*** Begin section ***

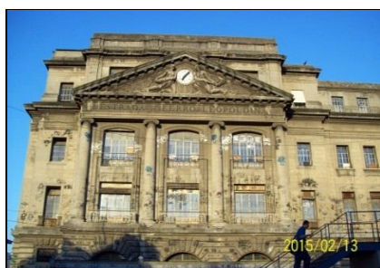
Acima, frente da estação Barão de Mauá totalmente pichada.

Outro caso de omissão foi ao ar dia 05/09 no RJ TV, que mostrou o estado lamentável da Estação Barão de Mauá, antiga sede da E. F. Leopoldina. Inaugurada em 1926 está de-sativada como estação desde 2001. A matéria abordou o despacho do Procurador da República, Sérgio Suiama, que ordenou ao Governo do Estado e Supervia fazerem obras emergenciais para evitar a queda de reboco e da marquise na entrada da Gare.
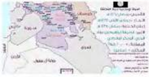
بغداد الكوردي من الكوردي و بؤ كافران

الدولة الإسلامية # تضع خارطة تفصلية مع عدد السكان التي أصبحت تحت سيطرتها بمساحة أكبر من سوريا # ب 16 الف كم2
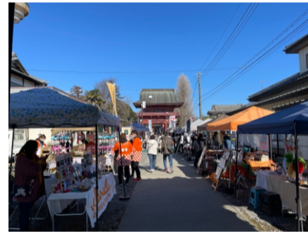
2024.2 ヤマカワフェス 参加 地域の活力を肌で感じる
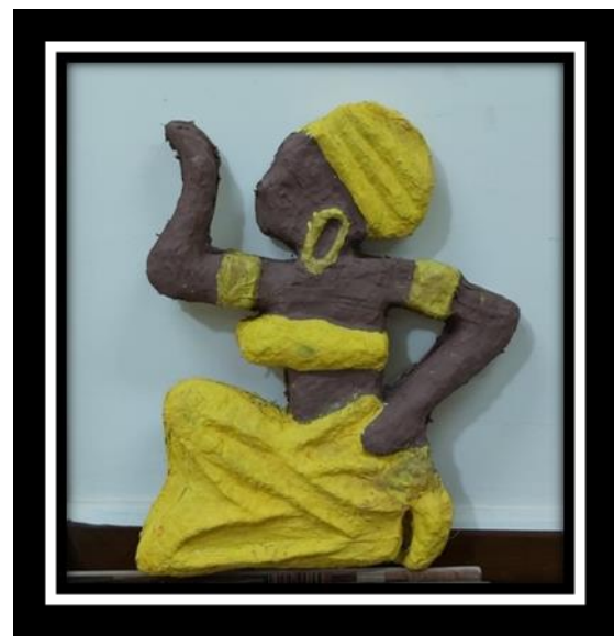
شكل رقم (9)
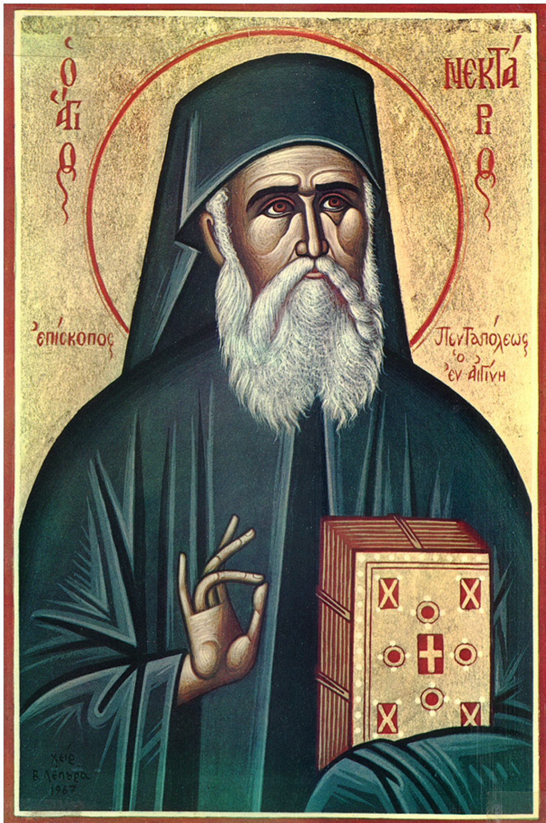
ΣΤΡΟΦΗ ΠΡΟΣ ΤΑ ΜΟΝΑΣΤΗΡΙΑ
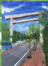
⑪ 御幸道路 (絵)
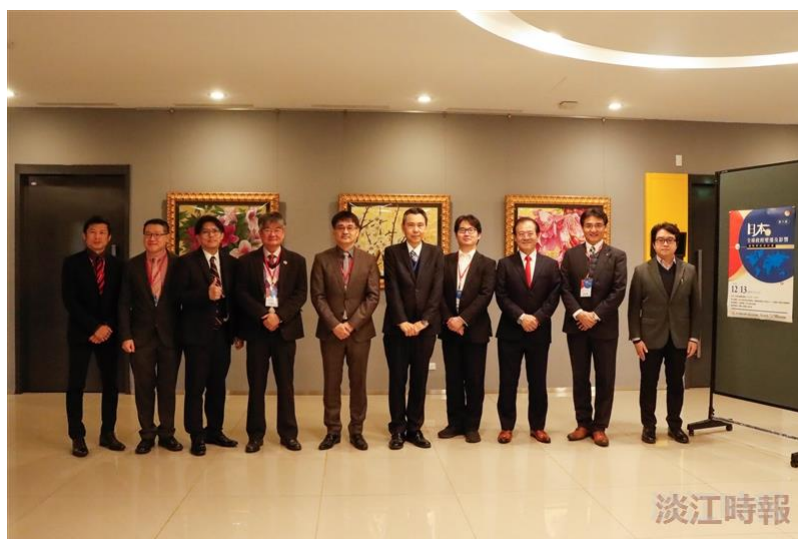
與會貴賓合影。
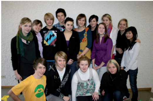
Unsere Tutoren im Schuljahr 09/10

Ihr Kind ist damit vielen neuen Anforderungen und Belastungen ausgesetzt, denen wir mit verschiedenen Maßnahmen begegnen. Der Kennenlern-Nachmittag zu Beginn des Schuljahres dient dazu, sich mit neuen Mitschülern in geselliger Runde anzufreunden. Unsere Tutoren der 10. Jahrgangsstufe stehen gleich zu Beginn des Schuljahres als „Begleiter“ bereit und bereichern zusätzlich mit verschiedenen Veranstaltungen während des gesamten Jahres das Schulleben Ihrer Kinder.
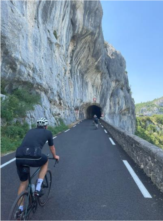
Gorges de la Nesque
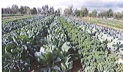
Figure 5. Exemple de culture de choux avec un haut potentiel de prélèvement des nitrates

Conformément à la littérature, cette étude confirme que la destruction d'une ancienne prairie permanente libère des quantités importantes d'azote (N) sous forme minérale. La première année suivant la destruction, la fourniture en N va être de l'ordre de 150 à 200 kg/ha, pour une prairie de fauche, et de 200 à 300 kg/ha, pour une prairie non fauchée sans apports extérieurs en N. En cas de fumure minérale ou organique, ou d'une charge en bétail importante les années précédant la destruction, la fourniture peut aller jusqu'à 500 kg/ha. En raison de cet apport d'azote élevé, de nombreuses cultures suivies au cours de cette étude ont dépassé les seuils d'intervention APL, parfois largement pour certains légumes feuilles (laitues, poutier, mâche, cresson...) de faible enracinement et de cycle végétatif court. Au contraire, certaines cultures exigeantes en N, et récoltées tard (choux, courges, certains légumes racines), ont relativement bien appauvri le sol en N, en dessous des seuils d'intervention (Figure 5). L'implantation de cultures gourmandes en N et la couverture permanente des sols sont donc les principales lignes directrices d'une
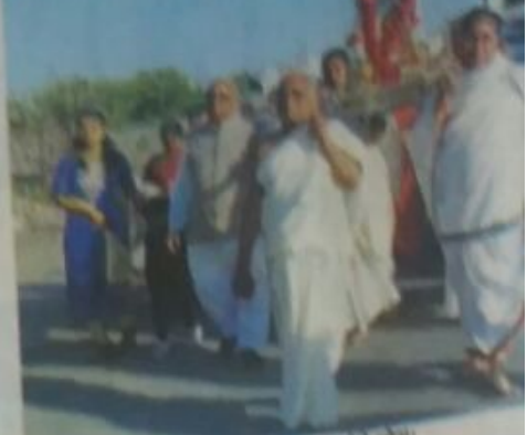
चित्तौड़ दुर्ग पर शुक्रवार को हर धेड़ा में अन्न लेते लोका।
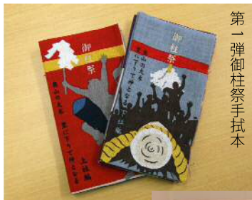
第一弾御柱祭手拭本

我々は、今までどちらかというと企画中心で黒子の役割りをしてきました。 今回は自社ブランドという形で、もっと石森という企業名を出していこうと考えました。 企画ものをきちっと作る事で、商談に結びついても早いですし、オリジナル性の強い武器さえ作ればそれだけ販売チャンネルが広がると思います。
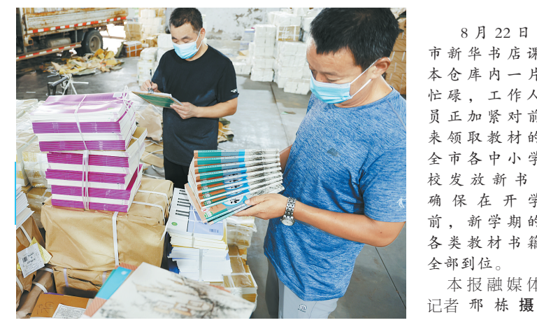
8月22日,市新华书店课本仓库内一片忙碌,工作人员正加紧对前来领取教材的全市各中小学校的教材,确保在开学前,新学期的各类教材书籍全部到位。

服务。针对认证对象年龄偏大、行动不便的居民,确保有人上门认证,做到不遗漏、不拖延;保障所设立服务窗口,对认证不成功的特殊人员采取人工认证;帮助那些不会使用APP认证的老年人下载认证系统,解决他们的后顾之忧。开展业务培训,完善奖惩制度。对辖区内7个社区17个工作站的业务经办人员进行业务培训,规范经办流程,每天通报认证进度,对排名前三的社区进行表扬,对落后社区进行督促,确保2022年度养老保险认证工作有序推进;对经核查已死亡或已享受其他社会保险待遇人员及时办理终止手续,对冒领养老金的进行追缴。
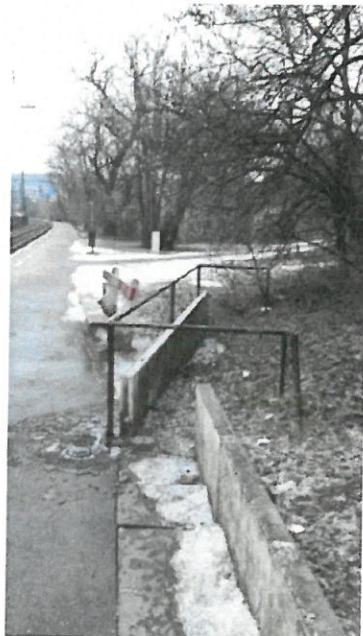
2. kép Szilasliget kamera helye 2
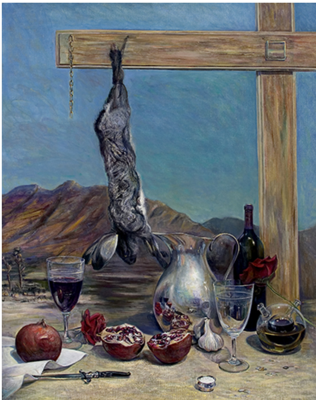
LA DIÁFANA MIRADA
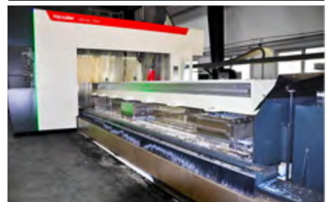
FRF 300/10, Tschechische Republik
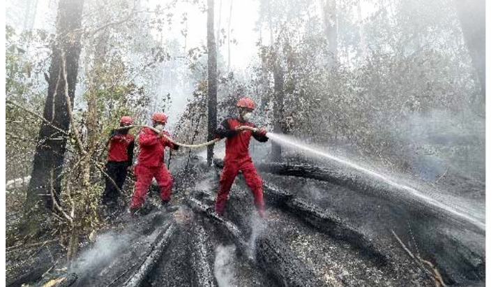
▲산불진화 모습

산불에 취약한 지역은 리아우, 남부 수마트라, 람방, 잠비, 그리고 남부 및 중부 칼리만탄이 지목됐다. 이 지역들은 대규모 팜유 농

*** End section ***

Problem requirements |
Whenever a line includes the word "Figure", pull it out of the entries.

Task output |
Figure 5. Exemple de culture de choux avec un haut potentiel de prélèvement des nitrates
Conformément à la littérature, cette étude confirme que la destruction d'une ancienne prairie permanente libère des quantités importantes d'azote (N) sous forme minérale. La première année suivant la destruction, la fourniture en N va être de l'ordre de 150 à 200 kg/ha, pour une prairie de fauche, et de 200 à 300 kg/ha, pour une prairie non fauchée sans apports extérieurs en N. En cas de fumure minérale ou organique, ou d'une charge en bétail importante les années précédant la destruction, la fourniture peut aller jusqu'à 500 kg/ha. En raison de cet apport d'azote élevé, de nombreuses cultures suivies au cours de cette étude ont dépassé les seuils d'intervention APL, parfois largement pour certains légumes feuilles (laitues, poutier, mâche, cresson...) de faible enracinement et de cycle végétatif court. Au contraire, certaines cultures exigeantes en N, et récoltées tard (choux, courges, certains légumes racines), ont relativement bien appauvri le sol en N, en dessous des seuils d'intervention (Figure 5). L'implantation de cultures gourmandes en N et la couverture permanente des sols sont donc les principales lignes directrices d'une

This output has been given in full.